- **Your assignment**: In the entries below, find the line with "Die Kriegstätigkeit des" and the line with "New Hermès White". Print those two and everything between them exactly, and nothing else.

- **Record excerpts**:

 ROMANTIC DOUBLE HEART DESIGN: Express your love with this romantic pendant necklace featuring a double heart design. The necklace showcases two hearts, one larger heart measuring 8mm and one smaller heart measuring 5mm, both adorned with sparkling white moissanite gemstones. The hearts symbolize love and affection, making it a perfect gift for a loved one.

---

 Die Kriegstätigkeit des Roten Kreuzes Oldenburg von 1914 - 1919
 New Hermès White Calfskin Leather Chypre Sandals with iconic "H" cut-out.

- **The answer**:
 Die Kriegstätigkeit des Roten Kreuzes Oldenburg von 1914 - 1919
 New Hermès White Calfskin Leather Chypre Sandals with iconic "H" cut-out.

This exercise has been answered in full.